03
悪魔とは神への反逆者。神がいるからこそ彼らは存在する。
神と悪魔の存在を知っている、かの世界の住人がこの世界に転生しているからこそ。カラの様な悪魔がこの世界にやってくる事が出来たそうだ。
「光があると影が出来る。神がいるなら悪魔もいる。ヒヒヒ、都合の良い神様がいるなら、都合の良い悪魔もいるんだよ」
カラは馬車の中で笑いながら元いた世界の事を話してくれた。
それに、僕が出ているゲームの話もだ。
ゲームのタイトルは知らないけれど、内容は女から聞き出したので知っている。
男爵家の隠し子であるヒロインの母親が死んだ後、身寄りのない彼女は父親に引き取られ、そうして学園に入学する所で話が始まる。
そこで出会うのは、魅力的な男性五人。
彼らと共に様々なことを経験し、成長していく。そして最後に五人のうちの誰かと結ばれてハッピーエンド。

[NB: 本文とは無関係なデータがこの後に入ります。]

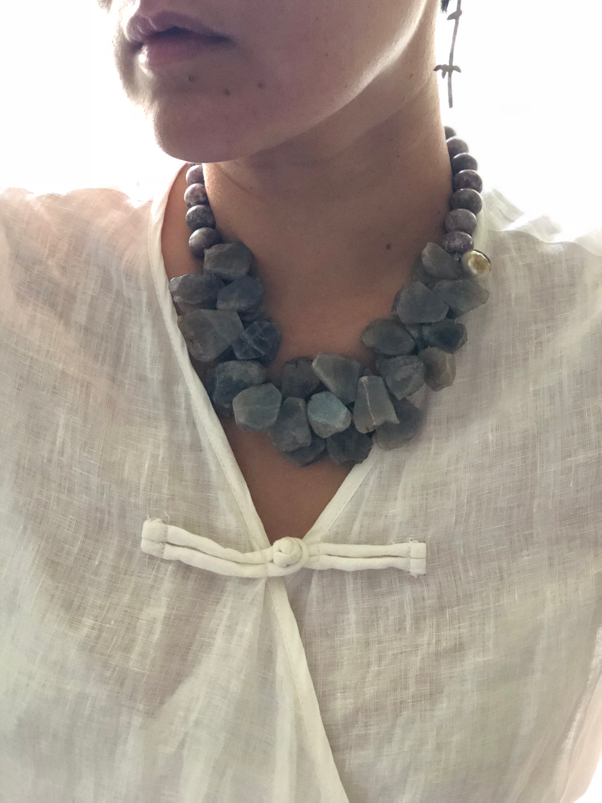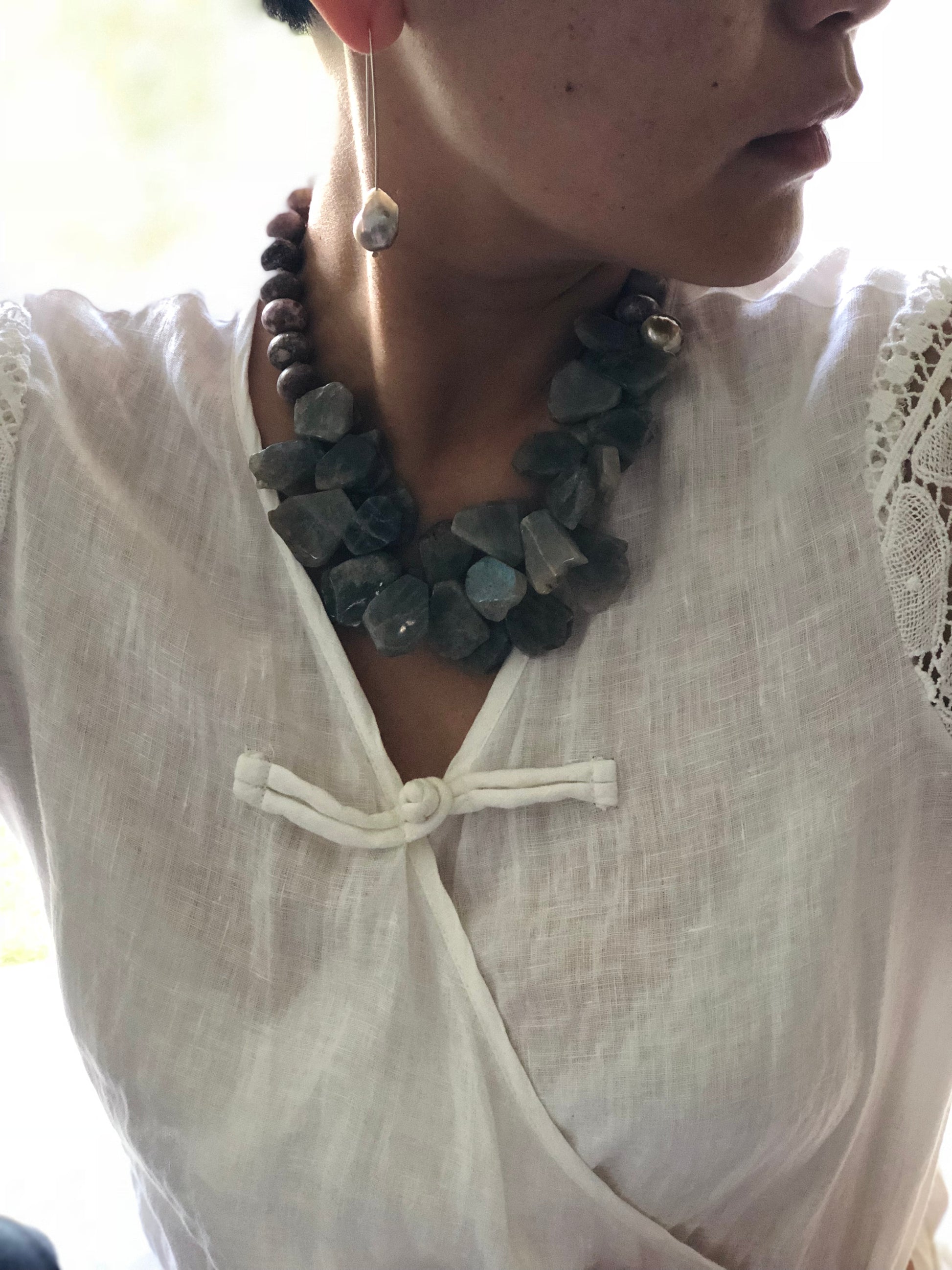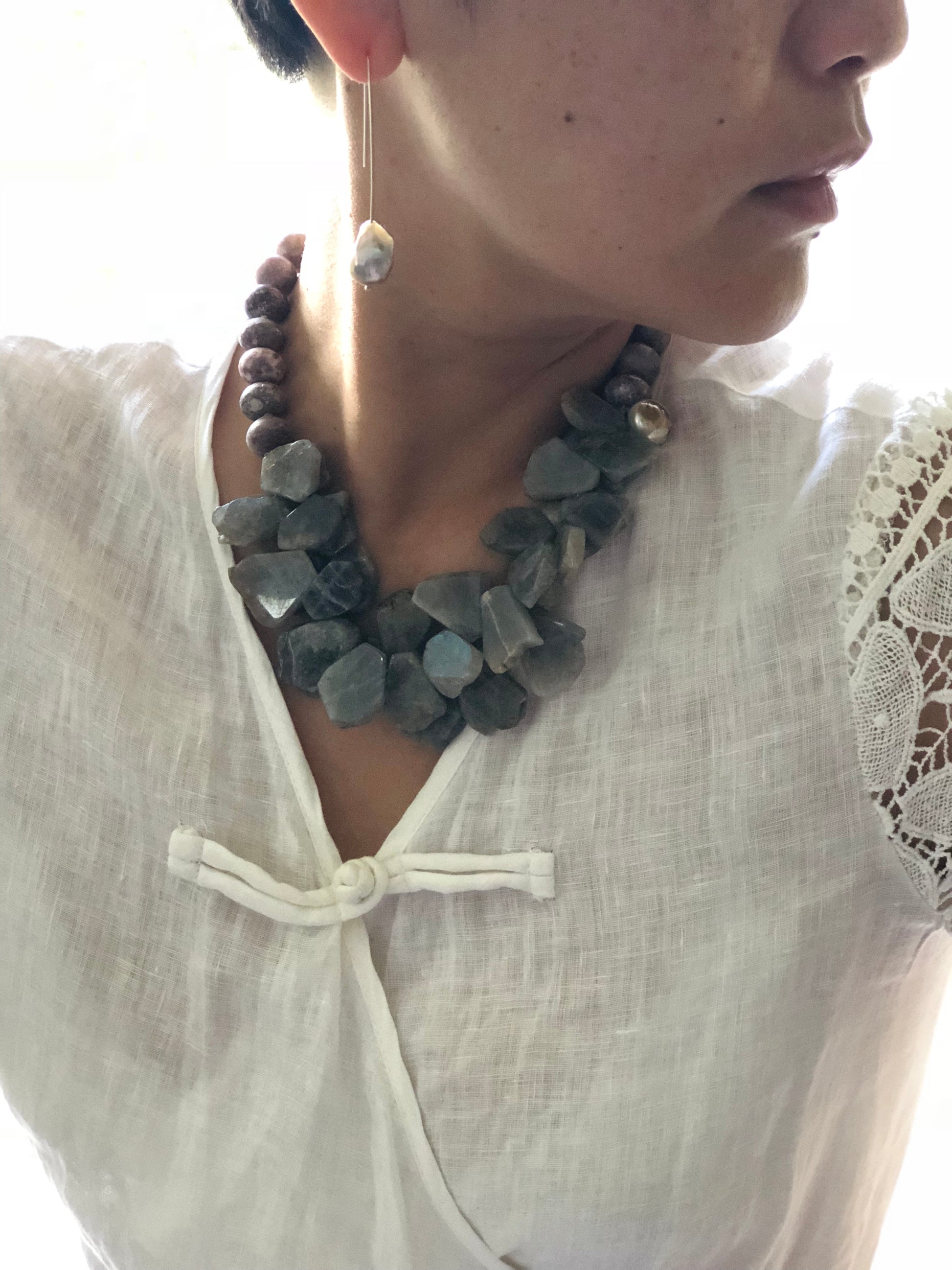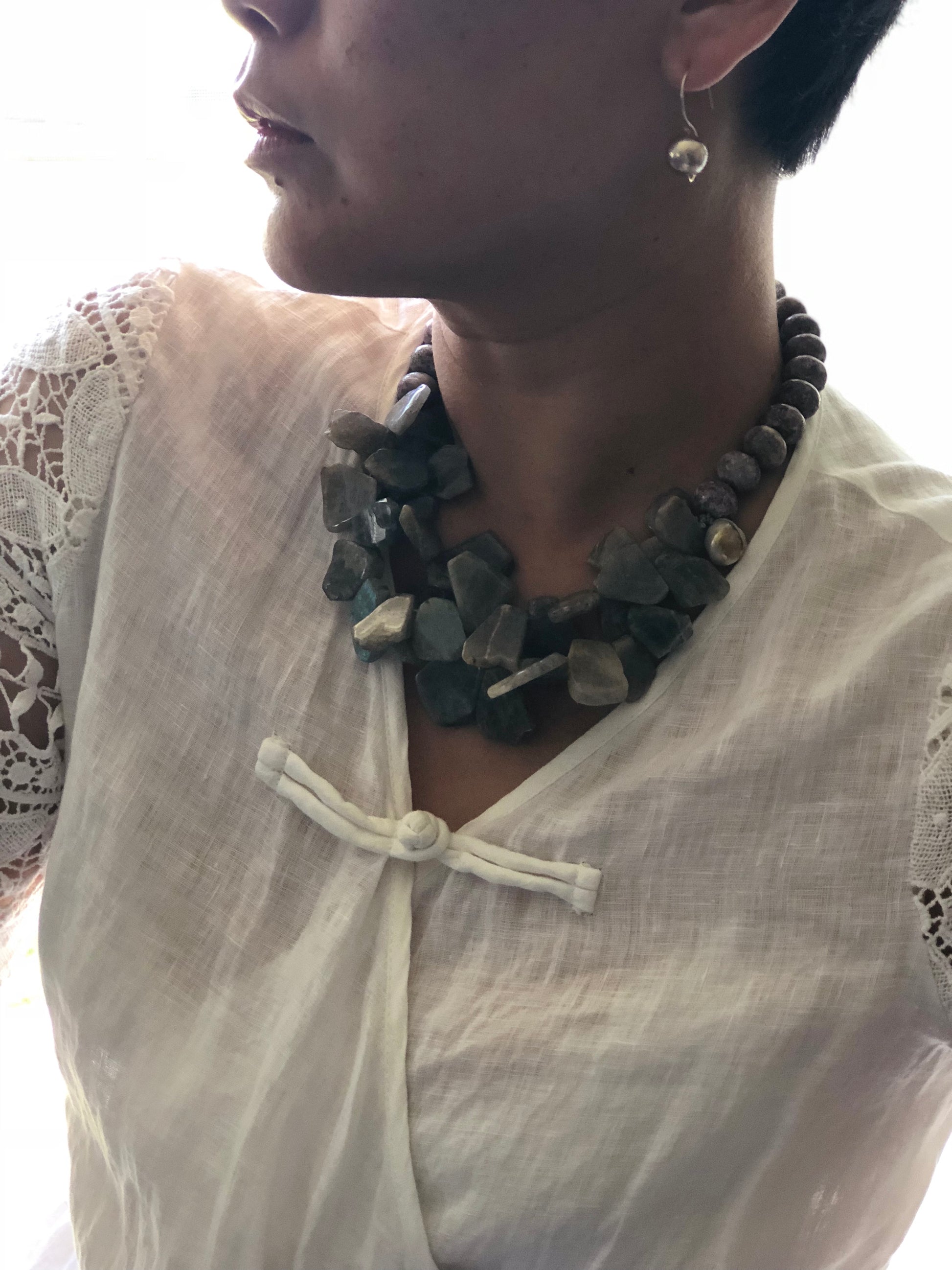 Petal shape of labrodrite. Hand knotted , can be resized for special request.

女の子が好きそうな話だなと、僕は正直な感想を持った。王子様に見初められて幸せに暮らしました、というのは女の子が憧れるストーリーなのだから。
もっとも現実で、王子様に見初められて幸せに暮らせるかなんてわからないけれど。
そんなヒロインの邪魔をするのは、王子の婚約者ルチアーナで、数々の卑劣な策謀を巡らせてくるらしい。結局最後に悪事がバレて、デッドエンドなんだけど。まあ僕の婚約者のルチアーナは、僕に見捨てられて処刑されると思い込んでいるから、ヒロインの邪魔なんてしないのかもしれない。

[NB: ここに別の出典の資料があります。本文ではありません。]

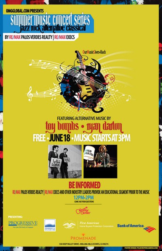There will be a free concert at the Promenade of the Peninsula shopping center next Sunday June 18th that is sponsored by Remax Palos Verdes Realty. The concert will begin at 3pm and features the music of Toy Bombs and Ryan Darton. In addition to the concert, there will also be some fun events for the family including a dog parade, pet adoptions, etc.
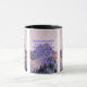 Esta caneca exibe a escritura bíblia "Luke 11:24" KJV em uma fonte exclusiva de impressão de BM Hanna com letras neon roxas mais citação bíblia sobre uma visão do lado da montanha de uma imagem que olha sobre uma cordilheira sob um céu claro nesta temática baseada na fé da bíblia KJV. A jante e o manípulo são vidrados em cores compatíveis, disponíveis em micro-ondas e máquinas de lavar louça de tamanho 11 onças ou 15 onças, construindo cerâmica segura.
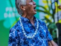 Emcee Kimo Kahoano with Japanese guests Haruko Ozeki, Masako Wakamatsu, and Kiyoshi ''Lion'' Kobayashi.
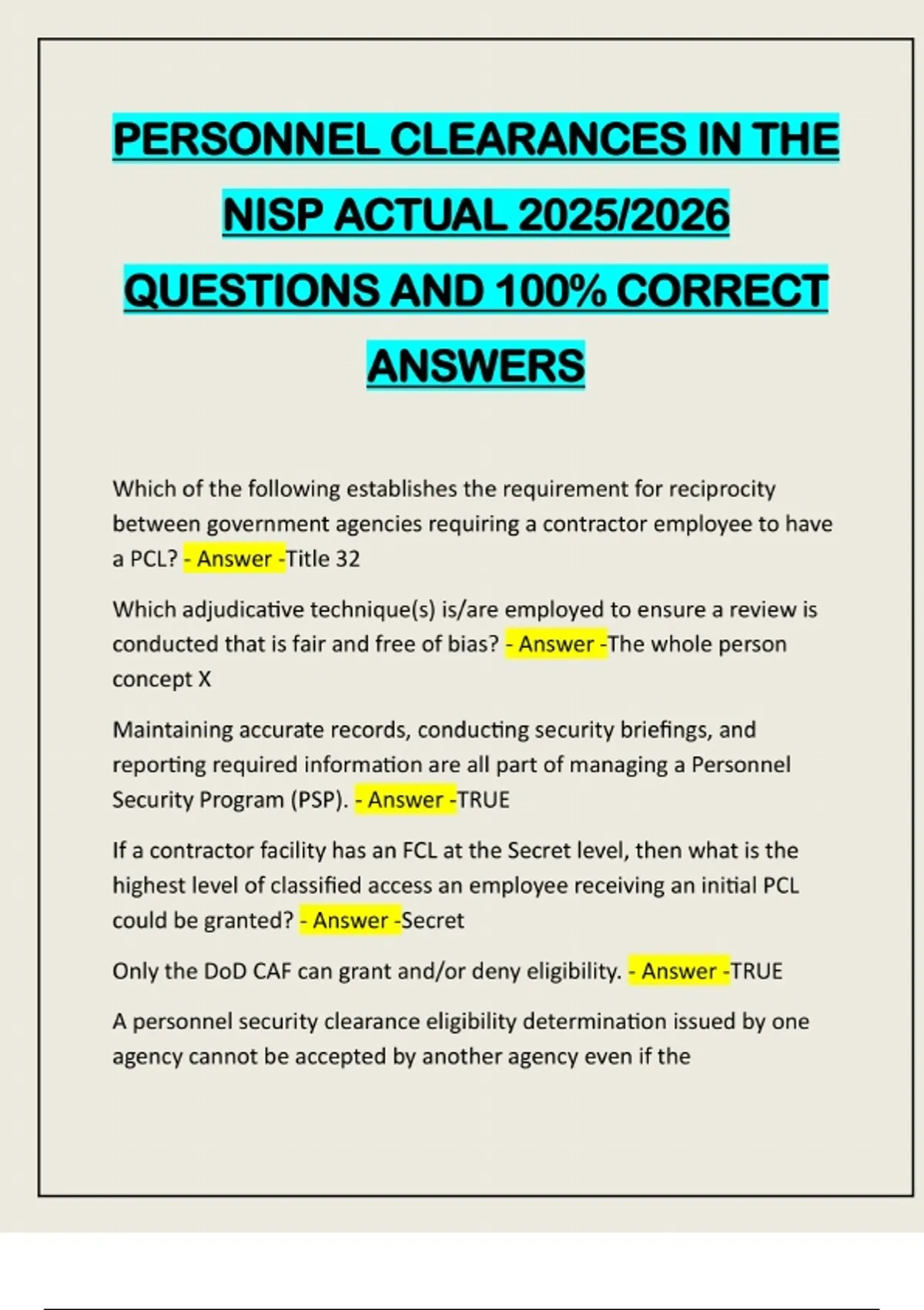 PERSONNEL CLEARANCES IN THE NISP ACTUAL 2025/2026 QUESTIONS AND 100% CORRECT ANSWERS Which of the following establishes the requirement for reciprocity between government agencies requiring a contractor employee to have a PCL? - Answer -Title 32 Which adjudicative technique(s) is/are employed to ensure a review is conducted that is fair and free of bias? - Answer -The whole person concept X Maintaining accurate records, conducting security briefings, and reporting required information are all part of managing a Personnel Security Program (PSP). - Answer -TRUE If a contractor facility has an FCL at the Secret level, then what is the highest level of classified access an employee receiving an initial PCL could be granted? - Answer -Secret Only the DoD CAF can grant and/or deny eligibility. - Answer -TRUE A personnel security clearance eligibility determination issued by one agency cannot be accepted by another agency even if the
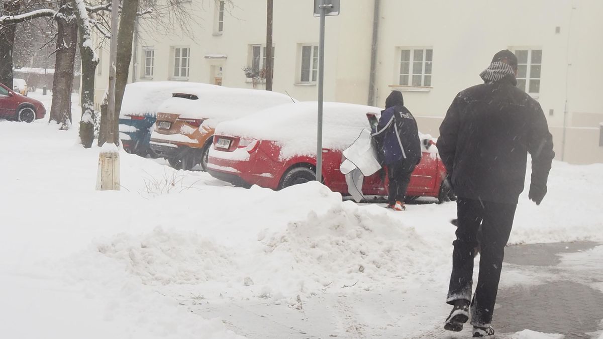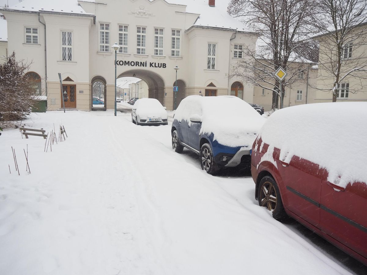 Sníh zasypal auta v ostravských ulicích. Do toho dál silně sněží.
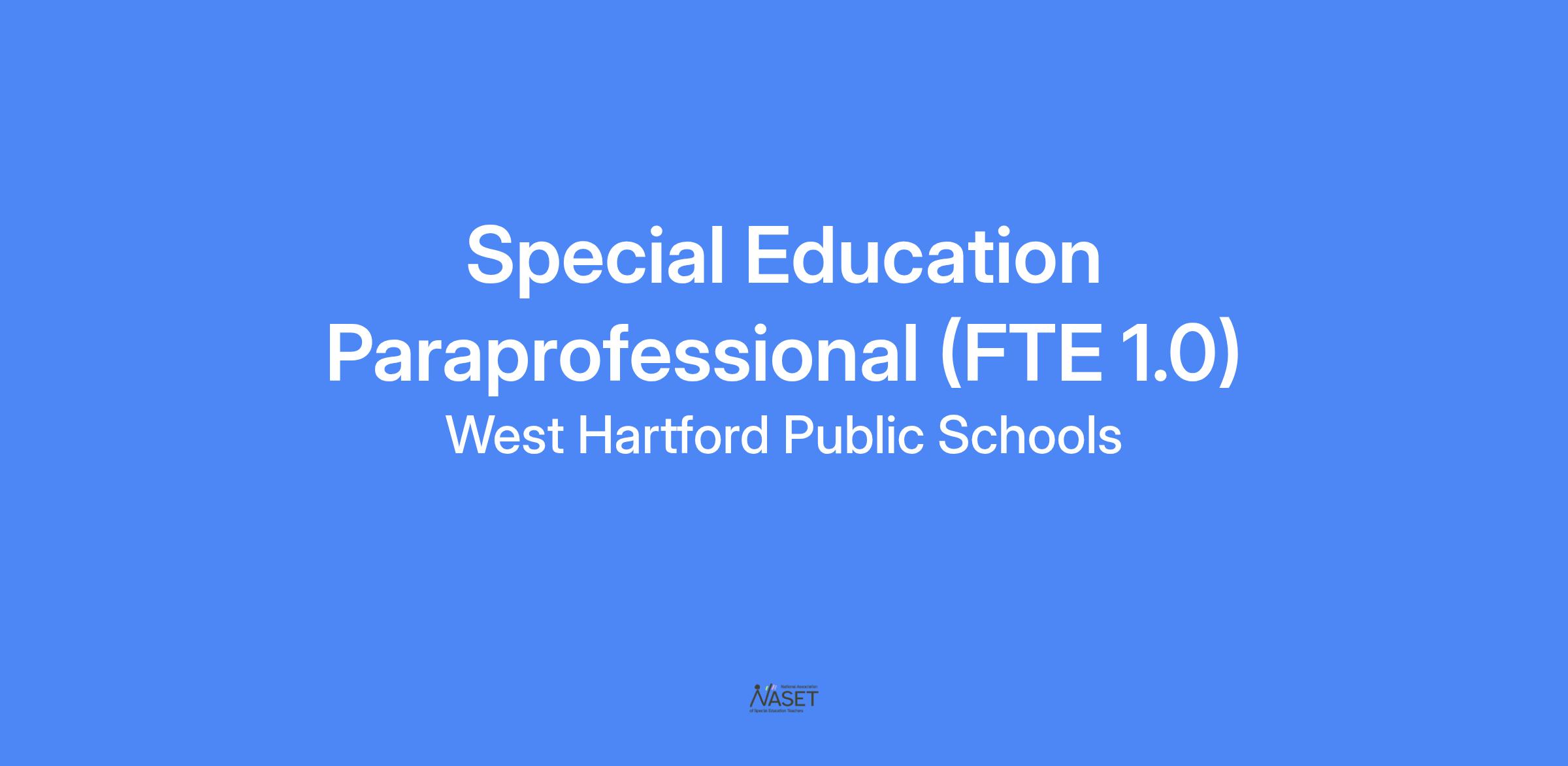 West Hartford Public Schools seeks a candidate with a proactive and positive attitude to fill a position for a full-time special education paraprofessional at King Philip Middle School. Candidates must be patient, respectful, and flexible with effective interpersonal skills. This is a 10-month position with full benefits working in the special needs program to support students with behavioral, social, and emotional concerns.

カラの話によると、いまのところ僕はゲーム通りなのだそうだ。
ルチアーナに興味を持たず、勉強や剣術の稽古に身が入っていない。学園に入れば優等生と呼ばれる程度には学業に専念するのだが、やっぱりどこか空虚を抱えたままなのだそう。
確かに僕は、ルチアーナに恋愛的な興味を持っていない。けれどカラという存在がいるから、少し違う。そしてカラのおかげで、勉強や剣術の稽古をしないのに理由があり、母が死んだあと閉じこもっていたことも国のトップ公認の理由があった。
でもルチアーナは知らない。
だからこそ、そのゲームに出てくる他のキャラクターとは必死に交友関係を築いている。
僕がダメだった場合に備えて。
きっと僕を排除した未来を想定しているのだろうね。僕が入学してから一年は特にゲームに記述もないからか、ルチアーナが関わってくる事はほぼないだろう。きっと彼女は、自身の実家の力を増すため、あれやこれやと忙しい筈だ。
少しルチアーナの事を考える。
ルチアーナ・ソナリス。
大公家の一人娘で、幼い頃から聡明であり、僕レオナルドの婚約者として、将来王妃になるべく厳しい教育を受けてきた少女。

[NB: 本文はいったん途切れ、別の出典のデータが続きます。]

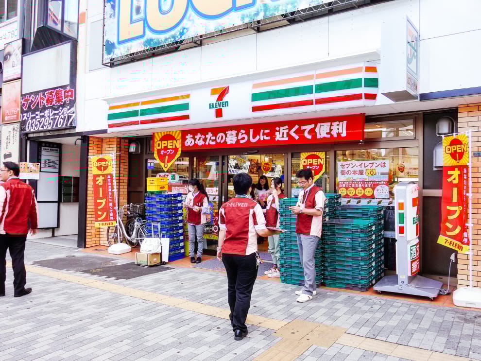 當這項外送服務全面拓展開來時,預期每間7-11門市只要需要負責方圓500公尺的住家。本照為東京池袋西口公園前的7-11。
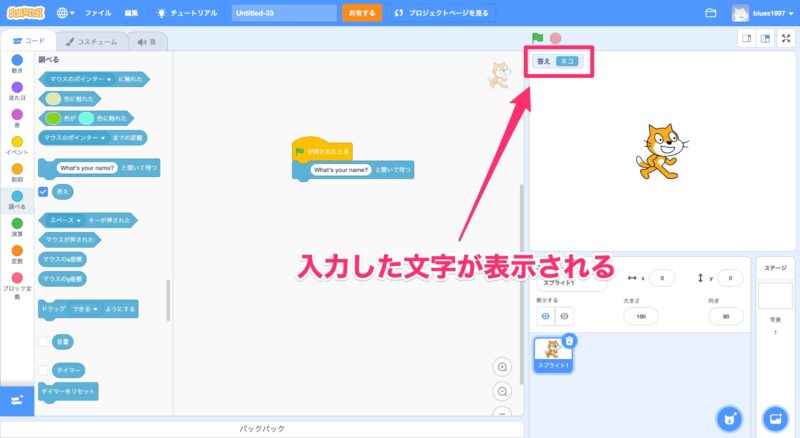 Scratch(スクラッチ)で入力した文字を表示する方法について紹介していきます。
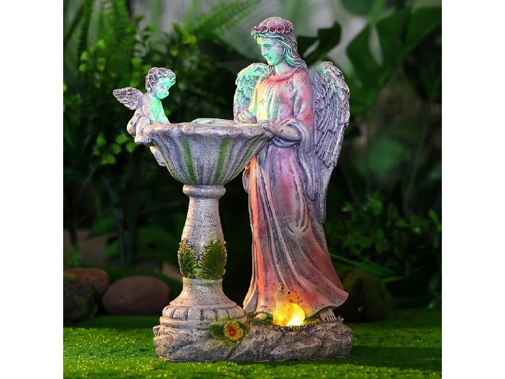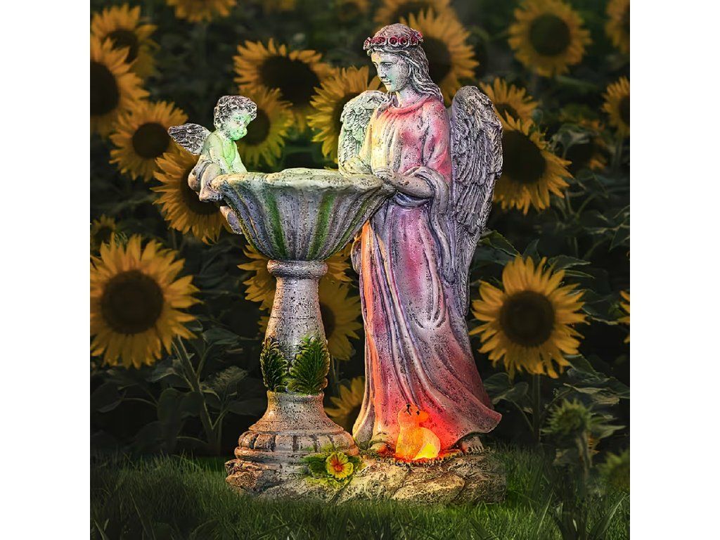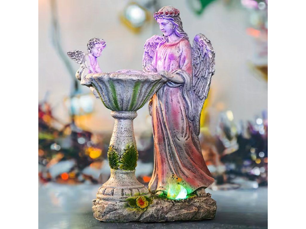 Figurka Svícen Dekorace Soška Andílek Solární LED RGB do zahrady

可愛いというよりは美しいと称される美貌で、冷たい印象を与えがちではあるが、平民も貴族も分け隔てなく慈愛を注ぎ、その優しさに大公領の者は皆、女神のごとく心酔している。国への忠誠心はもはや素晴らしいと褒め称える以外になく、貴族としての立ち居振る舞いは、誰もが模範にするべきものだった。
そして僕とは政略結婚であるにも関わらず、友好的な関係を保っていると、王宮では評判だ。
大公家の領地で、彼女は聡明さを発揮して新しい商売をして、美容に関する商品を開発し、服のデザインまで手掛ける。
それだけ聞けば、なんて才女なんだって思うかもしれないが、彼女がそういった事に興味を示しだしたのは三歳。勉強を始めたのは四歳で、五歳の頃には魔法を操って見せたそうだ。
この国の常識に照らし合わせると、とても異常な事だ。たいてい勉強は六歳からで、魔法は十歳にならなければ扱ってはいけない。
これは幼い子供だと感情が爆発しやすい。魔法の効果は感情に左右されることがあるのだ。子供に魔法を教えたら、ただの喧嘩が凄惨な殺人現場になりかねないからである。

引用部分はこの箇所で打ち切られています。